War is never pretty. Few games manage to convey this message amid the gunfire and explosions that are reminiscent of any Michael Bay film. Most of the games have you playing as a generic soldier fighting to save the world from some power hungry warlord bent on global domination. Spec Ops: The Line is a welcoming change of pace as it puts you in the shoes of Captain Martin Walker and takes you through difficult decisions he has to make on the battlefield.
Set in Dubai, the once rich and beautiful city has been taken back by Mother Nature after a series of sandstorms wreaked havoc on its monolithic buildings. That when Colonel John Konrad of “The Damned” 33rd Battalion of the U.S. Army stepped in to help with the evacuation of the city. When a mysterious radio message is received saying that the evacuation was a complete failure, Captain Walker and two members of his team are sent in to assess the situation of Konrad and any remaining survivors. What they find is worse than anything they could have imagined.
It turns out that Konrad has declared martial law and taken over what's left of Dubai and its citizens. With the help the Radioman, a former journalist embedded with the 33rd, he is able to broadcast his propaganda to the masses. He's your guiding voice throughout the game, even though it's Konrad who is pulling all the strings.
Spec Ops: The Line's story centers around Captain Walker and his Delta Force squad mates Lieutenant Adams and Sergeant Lugo. There is a real sense of comradery among them, whether it's the banter between them as they trek through the desert or their constant communication when under heavy fire. It's only reasonable that The Line features an all-star cast including Uncharted's Nolan North, Bruce Boxleitner, Jake Busey, and Christopher Reid. They all breathe life into their respective characters. These aren't just some nameless soldiers on a mission. Little details about who they are and what they stand for trickle out as the game goes on.
As you progress, key moments arise where you are made to choose between two scenarios. These aren’t just some good versus bad decisions, either. It’s like choosing between horrible and awful. Sometimes, there simply isn’t a good path to walk down, and you have to make that terrible decision in a split second.
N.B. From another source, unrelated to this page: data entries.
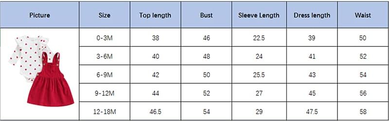0-3 Months Romper Length: 14.96 Bust: 18.11 Skirt Length: 15.35 Waist: 19.69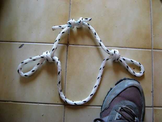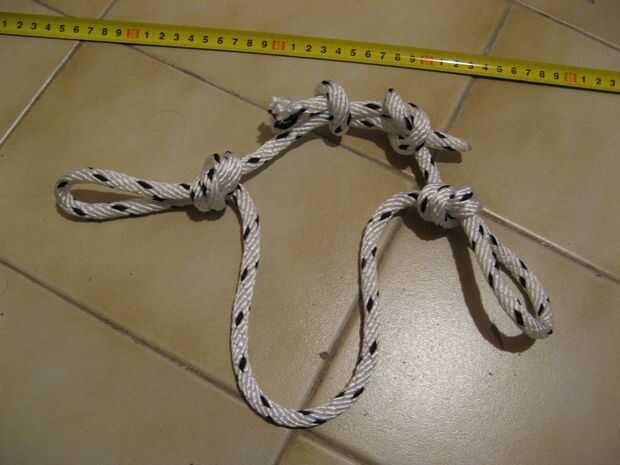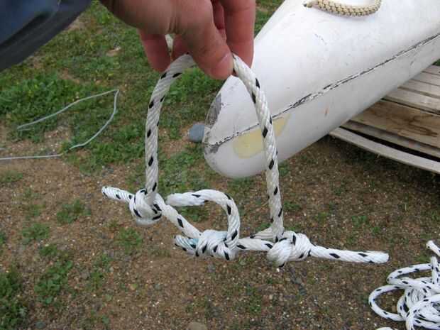 Tome un pedazo de cuerda y hacer dos nudos de la "manija" y cerrar el ciclo, como se muestra en la foto. Esto pondrá en la punta de la piragua (la punta que se señalan adelante cuando era remolcado). Deben fijarse el tamaño y la posición de los dos "nudos de manejar".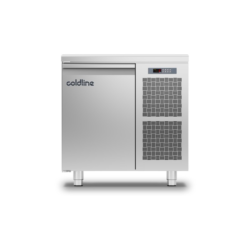 • Angles intérieurs arrondis • Plan de travail renforcé épaisseur 40 mm avec bords arrondis • Évaporateur ventilé • Pieds inox réglables en hauteur • Portes avec maintien en position ouverte à 105° • Joints de porte magnétiques facilement démontables • Groupe livré d’origine à droite, positionnable sur demande à gauche sans supplément de prix • Emplacement du compresseur insonorisé et avec aération frontale • Groupe logé sur glissières facile à extraire • Évaporateur traité anti-corrosion • Dégivrage automatique par gaz chaud • Réévaporation automatique des condensats • Gaz réfrigérant R290 (groupe logé), R452a (sans groupe) • Thermostat électronique • Affichage digital • Alimentation 220/240 - 50Hz

There are moments where you know someone is going to die; the only question is who.
Details are further fleshed out by simply listening in on conversations rather than pulling the trigger early. Two soldiers could simply be chatting about everyday life, and rather than have one of your teammates take them out, you could listen in for a while. Listen in too long, though, and you might be spotted. Spec Ops: The Line always has this sense of danger, like any step could be your last.
Speaking of death, prepare to die…a lot. The Line is more challenging than most war shooters and you’ll find yourself seeing Captain Walker’s body fall limp far more often than you’d like. Bullets tend to have a real weight to them, where a well-placed headshot is able to put you down instantly. You’ll have to make apt use of the cover system in order to survive.
Cover works very intuitively as you can crouch behind almost anything that stands. Busted cars, dilapidated buildings, and sandbags all act as barriers between you and gunfire. You can blindly fire from behind cover or pop out for a more controlled shot. It’s pretty much Cover System 101. Gameplay functions exactly how you would expect a third-person war shooter to play. While it doesn’t introduce any new mechanics to the genre, it’s a solid game. Besides, the story itself is more than enough reason to keep playing.
Spec Ops: The Line also features a robust multiplayer component with six gameplay types, various loadouts, and community challenges. It’s the typical fanfare you’d expect from a shooter as you gain experience with your soldier and unlock more weapons, armor, and perks.
One interesting aspect about the multiplayer is how the environment changes. Many of the maps feature both indoor and outdoor environments and sometimes a sudden sandstorm will hit, forcing players to either weather the storm with limited visibility or head indoors where others are no doubt lurking in the shadows.
In the end, Spec Ops: The Line shines because of its haunting story that is a refreshing divergent from the norm of the genre. There are no feel good moments when it comes to war, and The Line bravely crosses the boundaries of what’s right and wrong to craft one of the best games of 2012 so far.